Comprendre l’ennemi : biologie et comportement
Sun Tzu, le Maître de guerre chinois nous enseigne que pour vaincre son ennemi il faut tout d’abord le connaître aussi bien que soi. Limaces, loches et escargots sont des gastéropodes (appartenant à l’embranchement des mollusques). Gastéropode signifie littéralement « viscères dans le pied ». Pour le coup cet ordre animal prête un peu plus à sourire. Quand on sait enfin que le gastéropode possède un seul pied qui, en fonction des espèces, lui sert soit à marcher soit à nager, on commence même à rire. Facile à distinguer de son « cousin casqué » puisqu’elle n’a pas de coquille. Animal vorace de sang froid elle se déplace principalement la nuit. Elle possède le même régime alimentaire que l’escargot (en plus vorace) et sort seulement lorsque les conditions climatiques sont optimales pour elle (humide et doux).
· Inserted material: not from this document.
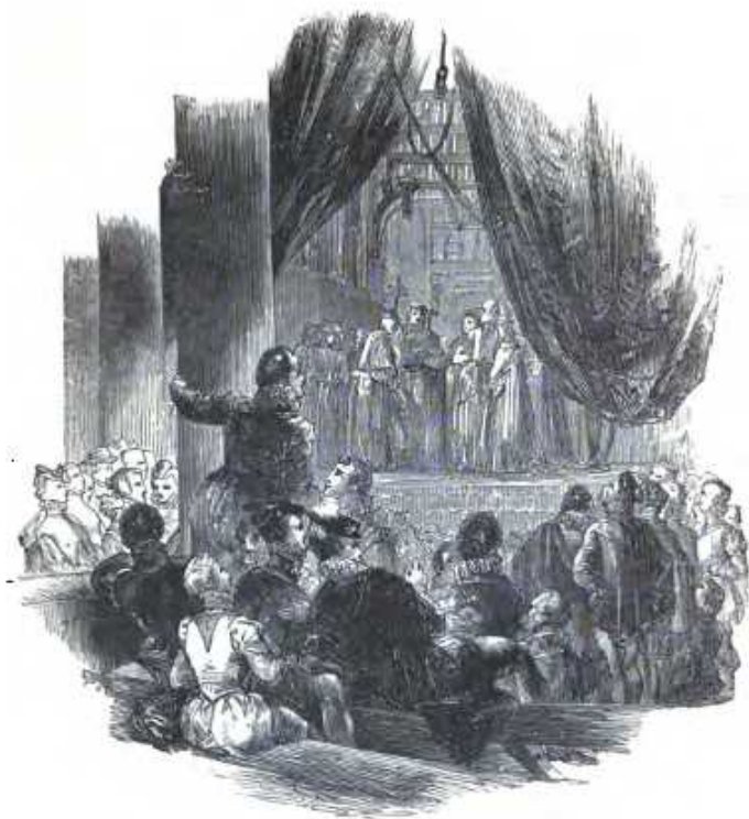
A PLAY AT THE BLACKFRIARS.

Hermaphrodite, la limace peut pondre jusqu’à 500 œufs qu’elle dépose dans un trou creusé dans la terre. L’escargot se différencie des limaces et des loches par sa coquille (bien que cela ne soit pas systématique). Il peut vivre entre 3 et 7 ans. Pour la faire courte, la loche n’est rien d’autre qu’une très grosse limace (dépassant les 10 cm). Issus, à l'origine, des fonds marins, les gastéropodes sont très sensibles à la déshydratation. Leur peau est perméable, si bien qu'ils évitent à tout prix la chaleur et surtout les rayons du soleil qui les dessécheraient. Par ailleurs, cette peau extrêmement fragile doit être humectée pour qu'ils puissent se déplacer. En temps humide, ils glissent tous seuls mais sur des surfaces sèches et surtout rugueuses, les gastéropodes émettent des quantités énormes de mucus, coûteuses en eau.
Le paradoxe du paillage
Le paillage fournit quantités de matières organiques mortes, justement adorées par nos gastéropodes qui sont de vrais estomacs sur pattes. Leur mission première au jardin : le recyclage ! Et elle est vraiment utile, car ils évitent la propagation de maladies et participent à la nutrition des plantes. Le paillage favorise aussi les populations de limaces et escargots en leur fournissant des lieux humides et abrités des prédateurs, juste au pied de nos chers et tendres fleurs et légumes.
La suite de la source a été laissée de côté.